## WORK ORDER
Restate the listing below word for word; no picture is to be carried over.

## RECORDS SHOWN
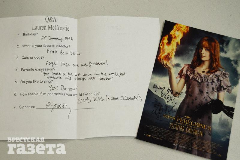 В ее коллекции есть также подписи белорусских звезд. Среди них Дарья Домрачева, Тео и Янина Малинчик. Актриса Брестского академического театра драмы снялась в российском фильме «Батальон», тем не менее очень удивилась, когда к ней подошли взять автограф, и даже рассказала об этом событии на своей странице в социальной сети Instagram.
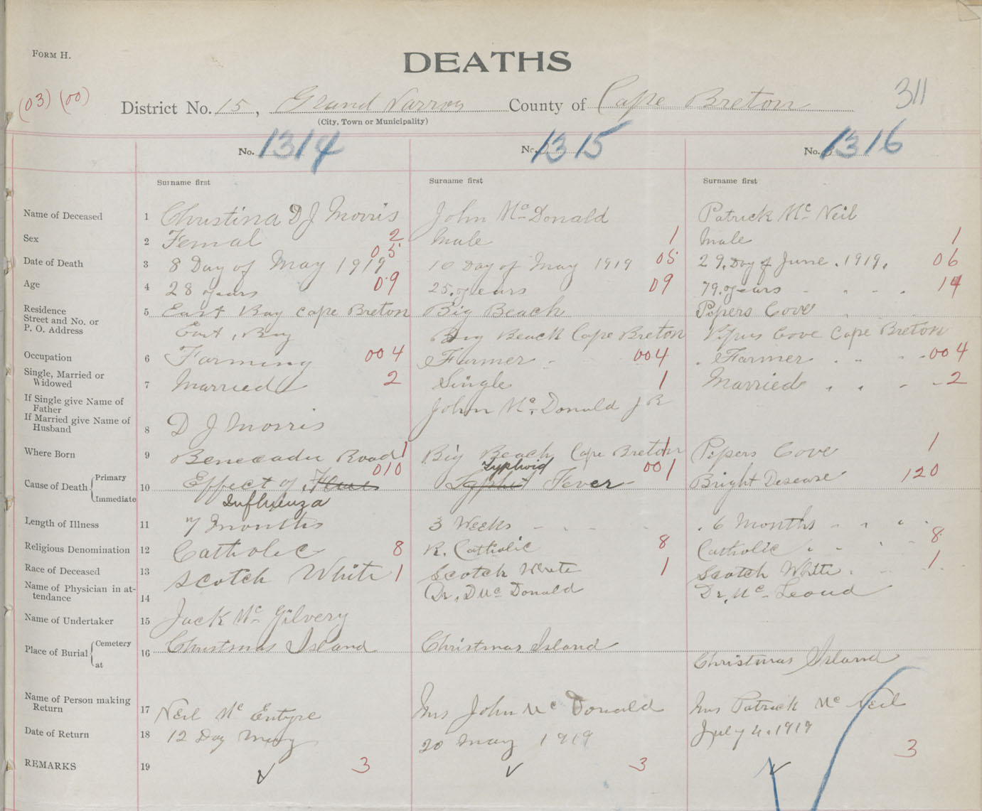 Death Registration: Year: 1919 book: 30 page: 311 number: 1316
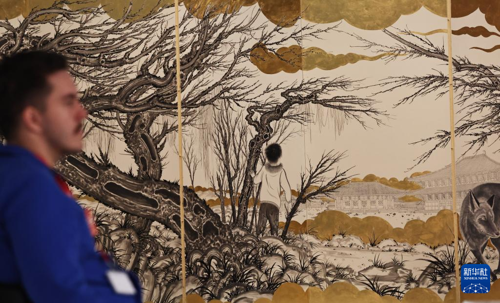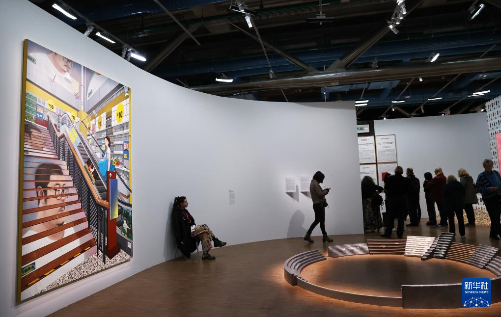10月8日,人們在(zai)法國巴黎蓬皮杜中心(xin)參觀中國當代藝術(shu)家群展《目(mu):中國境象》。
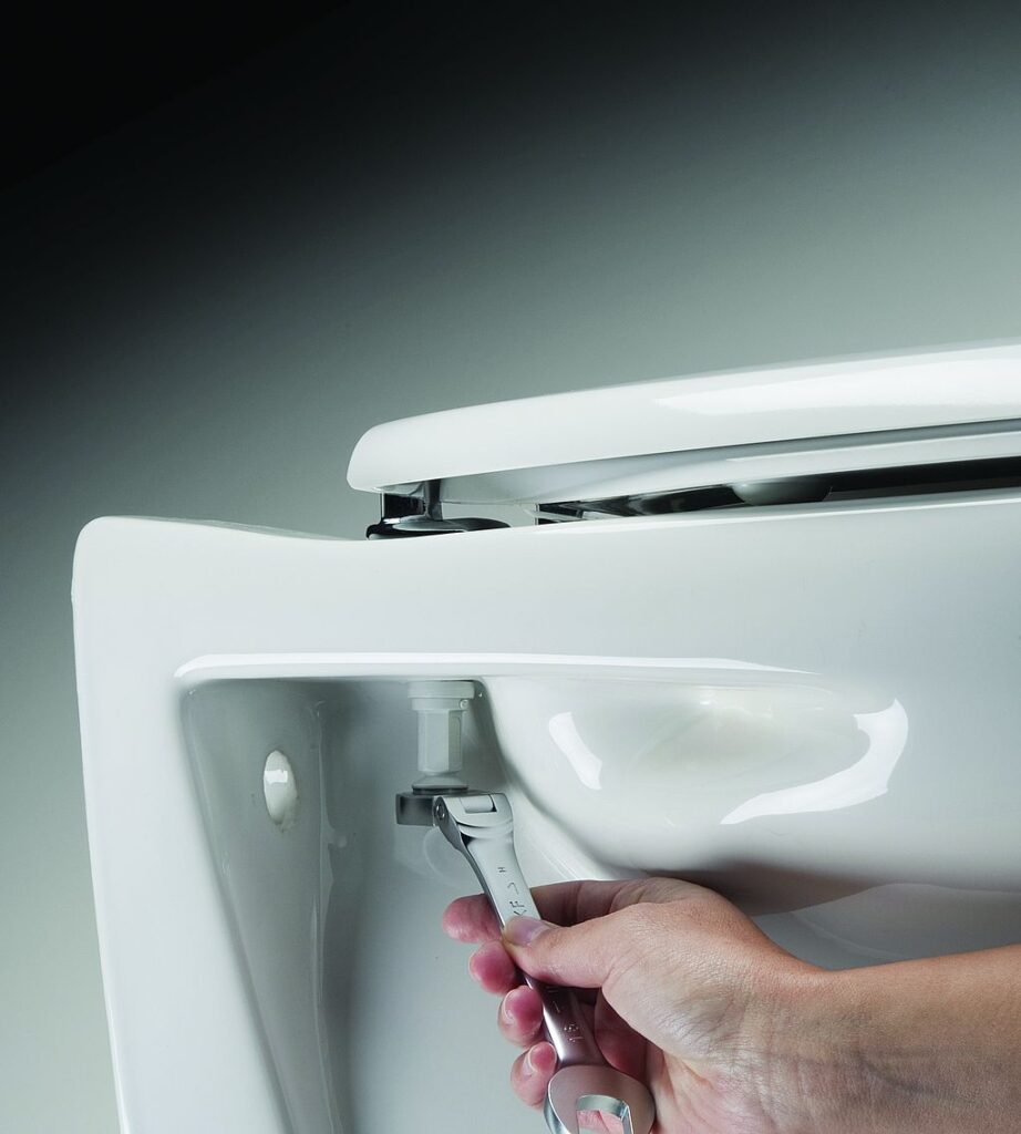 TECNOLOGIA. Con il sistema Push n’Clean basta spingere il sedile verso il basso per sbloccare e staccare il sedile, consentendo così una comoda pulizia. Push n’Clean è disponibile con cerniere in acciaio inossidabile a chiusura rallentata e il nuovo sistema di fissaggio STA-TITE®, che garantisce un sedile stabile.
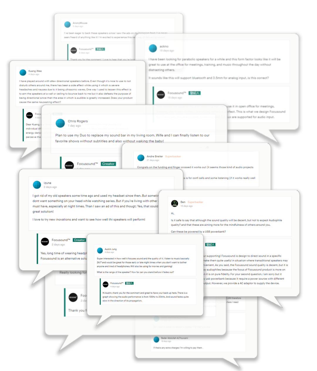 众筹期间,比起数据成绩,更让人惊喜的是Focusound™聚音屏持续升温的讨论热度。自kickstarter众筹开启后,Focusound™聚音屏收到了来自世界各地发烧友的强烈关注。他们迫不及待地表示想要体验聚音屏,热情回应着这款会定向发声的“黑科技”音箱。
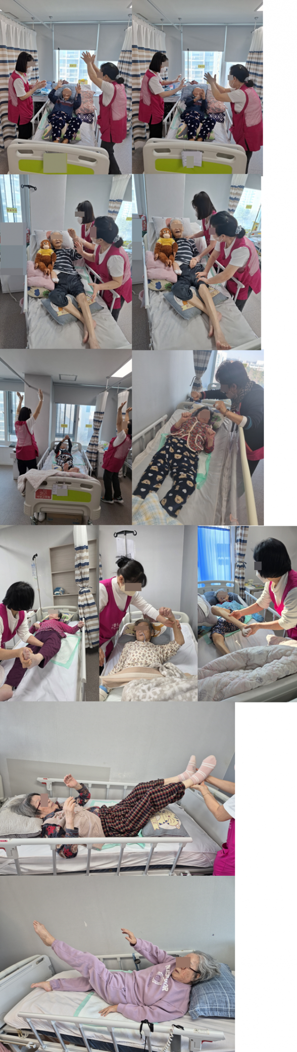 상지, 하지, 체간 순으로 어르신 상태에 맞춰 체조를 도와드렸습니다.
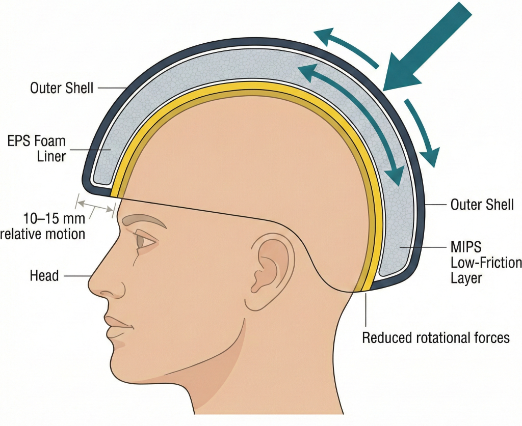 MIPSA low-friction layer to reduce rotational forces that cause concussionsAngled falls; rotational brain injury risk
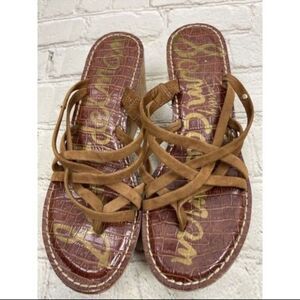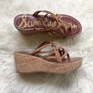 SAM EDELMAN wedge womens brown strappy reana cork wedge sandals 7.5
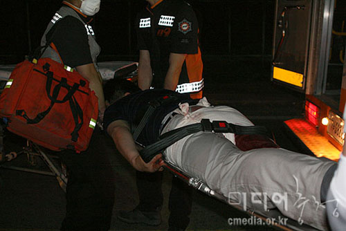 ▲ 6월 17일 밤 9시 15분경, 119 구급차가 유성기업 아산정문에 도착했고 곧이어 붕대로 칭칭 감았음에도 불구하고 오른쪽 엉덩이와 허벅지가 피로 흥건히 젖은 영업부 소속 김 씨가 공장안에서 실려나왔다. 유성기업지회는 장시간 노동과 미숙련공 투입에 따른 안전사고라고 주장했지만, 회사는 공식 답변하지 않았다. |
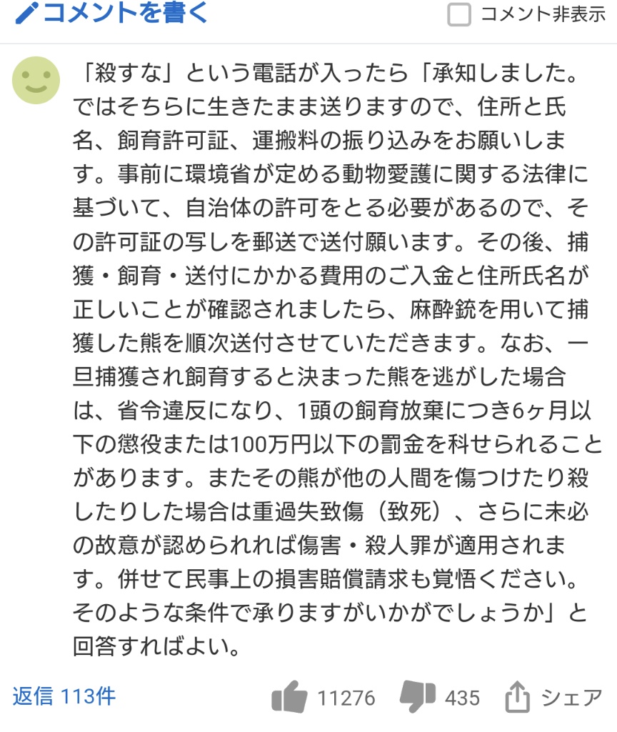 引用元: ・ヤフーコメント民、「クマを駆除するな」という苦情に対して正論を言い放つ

## YOUR SOLUTION
 В ее коллекции есть также подписи белорусских звезд. Среди них Дарья Домрачева, Тео и Янина Малинчик. Актриса Брестского академического театра драмы снялась в российском фильме «Батальон», тем не менее очень удивилась, когда к ней подошли взять автограф, и даже рассказала об этом событии на своей странице в социальной сети Instagram.
 Death Registration: Year: 1919 book: 30 page: 311 number: 1316
10月8日,人們在(zai)法國巴黎蓬皮杜中心(xin)參觀中國當代藝術(shu)家群展《目(mu):中國境象》。
 TECNOLOGIA. Con il sistema Push n’Clean basta spingere il sedile verso il basso per sbloccare e staccare il sedile, consentendo così una comoda pulizia. Push n’Clean è disponibile con cerniere in acciaio inossidabile a chiusura rallentata e il nuovo sistema di fissaggio STA-TITE®, che garantisce un sedile stabile.
 众筹期间,比起数据成绩,更让人惊喜的是Focusound™聚音屏持续升温的讨论热度。自kickstarter众筹开启后,Focusound™聚音屏收到了来自世界各地发烧友的强烈关注。他们迫不及待地表示想要体验聚音屏,热情回应着这款会定向发声的“黑科技”音箱。
 상지, 하지, 체간 순으로 어르신 상태에 맞춰 체조를 도와드렸습니다.
 MIPSA low-friction layer to reduce rotational forces that cause concussionsAngled falls; rotational brain injury risk
 SAM EDELMAN wedge womens brown strappy reana cork wedge sandals 7.5
 ▲ 6월 17일 밤 9시 15분경, 119 구급차가 유성기업 아산정문에 도착했고 곧이어 붕대로 칭칭 감았음에도 불구하고 오른쪽 엉덩이와 허벅지가 피로 흥건히 젖은 영업부 소속 김 씨가 공장안에서 실려나왔다. 유성기업지회는 장시간 노동과 미숙련공 투입에 따른 안전사고라고 주장했지만, 회사는 공식 답변하지 않았다. |
 引用元: ・ヤフーコメント民、「クマを駆除するな」という苦情に対して正論を言い放つ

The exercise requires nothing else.